[Data extracted from a collection]
########

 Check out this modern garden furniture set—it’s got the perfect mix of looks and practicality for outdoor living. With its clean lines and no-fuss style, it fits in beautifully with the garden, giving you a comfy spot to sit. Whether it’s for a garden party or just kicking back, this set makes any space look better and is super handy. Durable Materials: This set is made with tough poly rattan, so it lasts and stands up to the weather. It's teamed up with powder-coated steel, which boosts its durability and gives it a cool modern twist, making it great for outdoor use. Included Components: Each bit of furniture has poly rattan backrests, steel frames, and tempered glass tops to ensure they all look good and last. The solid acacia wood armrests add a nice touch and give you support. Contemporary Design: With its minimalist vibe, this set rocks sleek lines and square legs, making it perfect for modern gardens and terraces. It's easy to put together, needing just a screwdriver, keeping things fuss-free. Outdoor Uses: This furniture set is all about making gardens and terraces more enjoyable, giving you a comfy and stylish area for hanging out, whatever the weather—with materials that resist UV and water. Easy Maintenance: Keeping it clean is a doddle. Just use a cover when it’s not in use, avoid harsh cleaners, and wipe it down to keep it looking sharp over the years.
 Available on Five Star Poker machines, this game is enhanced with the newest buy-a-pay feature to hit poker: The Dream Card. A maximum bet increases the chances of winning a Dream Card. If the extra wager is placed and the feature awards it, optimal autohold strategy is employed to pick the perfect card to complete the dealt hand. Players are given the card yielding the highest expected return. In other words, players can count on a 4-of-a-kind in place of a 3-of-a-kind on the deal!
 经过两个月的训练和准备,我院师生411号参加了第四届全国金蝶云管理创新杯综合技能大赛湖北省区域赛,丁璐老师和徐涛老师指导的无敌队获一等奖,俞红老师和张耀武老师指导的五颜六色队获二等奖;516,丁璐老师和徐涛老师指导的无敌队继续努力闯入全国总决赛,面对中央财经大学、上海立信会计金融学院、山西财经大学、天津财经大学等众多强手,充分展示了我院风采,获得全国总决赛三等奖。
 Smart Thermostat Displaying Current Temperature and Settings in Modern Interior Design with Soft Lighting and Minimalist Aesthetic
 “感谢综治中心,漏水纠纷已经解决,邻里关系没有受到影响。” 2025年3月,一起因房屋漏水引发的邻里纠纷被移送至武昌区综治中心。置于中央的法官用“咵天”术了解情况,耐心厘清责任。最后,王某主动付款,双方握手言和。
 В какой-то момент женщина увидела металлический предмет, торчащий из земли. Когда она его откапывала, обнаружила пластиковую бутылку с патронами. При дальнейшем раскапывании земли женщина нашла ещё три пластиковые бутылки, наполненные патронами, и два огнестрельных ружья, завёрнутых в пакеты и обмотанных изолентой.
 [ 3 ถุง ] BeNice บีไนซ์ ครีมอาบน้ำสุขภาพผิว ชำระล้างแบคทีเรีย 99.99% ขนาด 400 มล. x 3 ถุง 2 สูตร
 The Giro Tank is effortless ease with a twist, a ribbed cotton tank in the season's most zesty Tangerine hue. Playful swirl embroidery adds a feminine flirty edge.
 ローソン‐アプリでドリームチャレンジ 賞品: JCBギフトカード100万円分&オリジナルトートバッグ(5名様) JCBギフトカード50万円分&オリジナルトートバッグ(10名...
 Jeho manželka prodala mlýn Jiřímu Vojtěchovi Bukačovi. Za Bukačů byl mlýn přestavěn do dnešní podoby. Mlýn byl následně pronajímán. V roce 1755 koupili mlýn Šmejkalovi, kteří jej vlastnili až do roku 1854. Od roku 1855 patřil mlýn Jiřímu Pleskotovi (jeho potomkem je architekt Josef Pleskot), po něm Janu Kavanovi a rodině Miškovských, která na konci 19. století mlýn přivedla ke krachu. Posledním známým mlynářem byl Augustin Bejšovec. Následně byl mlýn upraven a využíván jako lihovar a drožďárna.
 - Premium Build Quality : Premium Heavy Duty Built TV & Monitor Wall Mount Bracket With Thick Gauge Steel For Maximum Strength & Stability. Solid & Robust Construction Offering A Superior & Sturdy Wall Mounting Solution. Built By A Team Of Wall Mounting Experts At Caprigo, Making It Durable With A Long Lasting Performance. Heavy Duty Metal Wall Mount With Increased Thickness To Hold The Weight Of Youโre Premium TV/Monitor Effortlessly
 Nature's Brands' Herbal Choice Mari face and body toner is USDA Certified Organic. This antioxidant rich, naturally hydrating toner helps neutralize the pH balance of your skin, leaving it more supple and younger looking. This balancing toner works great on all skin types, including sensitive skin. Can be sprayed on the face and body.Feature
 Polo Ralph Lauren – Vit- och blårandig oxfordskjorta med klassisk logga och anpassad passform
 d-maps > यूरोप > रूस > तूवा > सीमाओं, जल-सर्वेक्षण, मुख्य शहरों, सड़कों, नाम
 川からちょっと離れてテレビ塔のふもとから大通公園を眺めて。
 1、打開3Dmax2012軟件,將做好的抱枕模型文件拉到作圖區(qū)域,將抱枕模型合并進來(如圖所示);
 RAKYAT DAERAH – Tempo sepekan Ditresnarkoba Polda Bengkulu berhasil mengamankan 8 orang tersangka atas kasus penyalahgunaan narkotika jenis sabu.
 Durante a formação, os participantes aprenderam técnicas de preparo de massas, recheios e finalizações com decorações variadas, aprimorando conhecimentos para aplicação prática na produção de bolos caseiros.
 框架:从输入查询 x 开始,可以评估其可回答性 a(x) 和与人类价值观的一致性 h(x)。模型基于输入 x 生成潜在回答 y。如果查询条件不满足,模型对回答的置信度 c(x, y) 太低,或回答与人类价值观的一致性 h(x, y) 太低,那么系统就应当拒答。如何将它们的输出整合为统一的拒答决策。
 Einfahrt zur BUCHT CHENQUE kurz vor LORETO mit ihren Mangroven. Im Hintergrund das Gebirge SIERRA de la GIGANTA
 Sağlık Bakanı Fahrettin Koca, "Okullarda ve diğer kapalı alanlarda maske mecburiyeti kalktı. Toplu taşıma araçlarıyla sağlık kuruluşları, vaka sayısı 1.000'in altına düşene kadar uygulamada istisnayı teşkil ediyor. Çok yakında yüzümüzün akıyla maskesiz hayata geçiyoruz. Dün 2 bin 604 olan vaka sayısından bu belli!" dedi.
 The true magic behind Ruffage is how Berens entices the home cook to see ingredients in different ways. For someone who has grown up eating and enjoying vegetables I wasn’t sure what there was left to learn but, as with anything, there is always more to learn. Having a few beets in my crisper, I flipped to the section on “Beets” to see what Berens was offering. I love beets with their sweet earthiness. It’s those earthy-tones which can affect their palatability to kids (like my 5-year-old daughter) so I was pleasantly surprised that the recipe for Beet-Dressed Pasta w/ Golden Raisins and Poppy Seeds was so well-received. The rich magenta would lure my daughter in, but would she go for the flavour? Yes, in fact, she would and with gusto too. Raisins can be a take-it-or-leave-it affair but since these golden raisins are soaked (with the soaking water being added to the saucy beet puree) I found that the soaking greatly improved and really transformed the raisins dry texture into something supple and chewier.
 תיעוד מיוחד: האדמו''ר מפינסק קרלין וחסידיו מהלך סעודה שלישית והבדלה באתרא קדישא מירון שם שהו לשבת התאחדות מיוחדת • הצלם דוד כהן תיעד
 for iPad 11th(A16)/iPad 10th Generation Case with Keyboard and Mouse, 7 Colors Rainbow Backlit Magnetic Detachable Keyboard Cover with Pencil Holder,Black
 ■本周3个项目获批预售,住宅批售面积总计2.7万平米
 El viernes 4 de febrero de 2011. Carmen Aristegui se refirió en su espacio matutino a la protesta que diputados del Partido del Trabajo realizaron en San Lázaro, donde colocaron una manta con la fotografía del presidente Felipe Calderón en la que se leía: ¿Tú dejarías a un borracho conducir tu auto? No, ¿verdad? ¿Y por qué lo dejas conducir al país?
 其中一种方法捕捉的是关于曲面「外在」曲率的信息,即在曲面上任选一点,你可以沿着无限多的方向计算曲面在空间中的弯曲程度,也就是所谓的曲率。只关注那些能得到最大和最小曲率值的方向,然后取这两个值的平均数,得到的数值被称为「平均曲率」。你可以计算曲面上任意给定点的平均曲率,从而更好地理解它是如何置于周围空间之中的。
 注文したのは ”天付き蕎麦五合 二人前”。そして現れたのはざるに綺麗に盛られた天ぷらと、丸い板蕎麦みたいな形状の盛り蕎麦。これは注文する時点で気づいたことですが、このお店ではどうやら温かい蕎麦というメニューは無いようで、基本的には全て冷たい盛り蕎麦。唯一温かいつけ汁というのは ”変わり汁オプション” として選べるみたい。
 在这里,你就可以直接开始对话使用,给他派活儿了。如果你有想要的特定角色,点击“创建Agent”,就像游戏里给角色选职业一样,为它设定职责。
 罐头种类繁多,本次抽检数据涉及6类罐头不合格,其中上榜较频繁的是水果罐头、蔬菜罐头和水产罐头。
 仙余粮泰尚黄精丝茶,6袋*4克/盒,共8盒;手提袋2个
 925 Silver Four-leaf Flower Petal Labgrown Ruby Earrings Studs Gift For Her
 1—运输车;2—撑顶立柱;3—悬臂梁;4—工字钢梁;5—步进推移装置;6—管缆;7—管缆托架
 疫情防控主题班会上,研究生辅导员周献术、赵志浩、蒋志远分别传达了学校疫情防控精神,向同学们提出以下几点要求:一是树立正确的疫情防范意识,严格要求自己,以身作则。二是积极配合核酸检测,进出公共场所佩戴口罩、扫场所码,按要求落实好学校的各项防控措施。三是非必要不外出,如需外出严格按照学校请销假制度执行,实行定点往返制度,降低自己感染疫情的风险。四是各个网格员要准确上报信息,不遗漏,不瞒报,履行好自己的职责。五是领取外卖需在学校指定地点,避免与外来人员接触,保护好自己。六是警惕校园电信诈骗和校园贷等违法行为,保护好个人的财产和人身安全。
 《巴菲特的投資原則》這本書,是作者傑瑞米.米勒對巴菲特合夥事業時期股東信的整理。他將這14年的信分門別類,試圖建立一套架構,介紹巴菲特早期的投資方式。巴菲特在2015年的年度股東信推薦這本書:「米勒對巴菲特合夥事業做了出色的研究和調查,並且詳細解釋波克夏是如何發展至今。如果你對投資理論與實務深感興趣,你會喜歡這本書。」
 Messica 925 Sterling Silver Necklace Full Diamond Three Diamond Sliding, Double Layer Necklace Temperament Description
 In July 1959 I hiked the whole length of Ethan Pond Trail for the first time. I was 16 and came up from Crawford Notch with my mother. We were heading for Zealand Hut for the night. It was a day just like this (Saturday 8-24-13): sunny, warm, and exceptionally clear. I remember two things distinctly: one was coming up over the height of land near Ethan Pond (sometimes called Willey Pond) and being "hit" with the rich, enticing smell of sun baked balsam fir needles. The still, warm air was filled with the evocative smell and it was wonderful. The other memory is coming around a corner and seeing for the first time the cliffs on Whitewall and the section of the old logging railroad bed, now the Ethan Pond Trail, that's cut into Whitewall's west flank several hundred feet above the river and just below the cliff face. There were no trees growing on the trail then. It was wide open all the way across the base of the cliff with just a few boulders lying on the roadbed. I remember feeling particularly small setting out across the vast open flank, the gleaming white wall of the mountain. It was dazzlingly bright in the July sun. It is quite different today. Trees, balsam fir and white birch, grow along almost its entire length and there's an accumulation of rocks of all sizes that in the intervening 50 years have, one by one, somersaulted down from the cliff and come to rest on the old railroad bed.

########

### [Work order]
Please go through the data above and copy each line containing the word "perfect".

### [Exercise response]
 Check out this modern garden furniture set—it’s got the perfect mix of looks and practicality for outdoor living. With its clean lines and no-fuss style, it fits in beautifully with the garden, giving you a comfy spot to sit. Whether it’s for a garden party or just kicking back, this set makes any space look better and is super handy. Durable Materials: This set is made with tough poly rattan, so it lasts and stands up to the weather. It's teamed up with powder-coated steel, which boosts its durability and gives it a cool modern twist, making it great for outdoor use. Included Components: Each bit of furniture has poly rattan backrests, steel frames, and tempered glass tops to ensure they all look good and last. The solid acacia wood armrests add a nice touch and give you support. Contemporary Design: With its minimalist vibe, this set rocks sleek lines and square legs, making it perfect for modern gardens and terraces. It's easy to put together, needing just a screwdriver, keeping things fuss-free. Outdoor Uses: This furniture set is all about making gardens and terraces more enjoyable, giving you a comfy and stylish area for hanging out, whatever the weather—with materials that resist UV and water. Easy Maintenance: Keeping it clean is a doddle. Just use a cover when it’s not in use, avoid harsh cleaners, and wipe it down to keep it looking sharp over the years.
 Available on Five Star Poker machines, this game is enhanced with the newest buy-a-pay feature to hit poker: The Dream Card. A maximum bet increases the chances of winning a Dream Card. If the extra wager is placed and the feature awards it, optimal autohold strategy is employed to pick the perfect card to complete the dealt hand. Players are given the card yielding the highest expected return. In other words, players can count on a 4-of-a-kind in place of a 3-of-a-kind on the deal!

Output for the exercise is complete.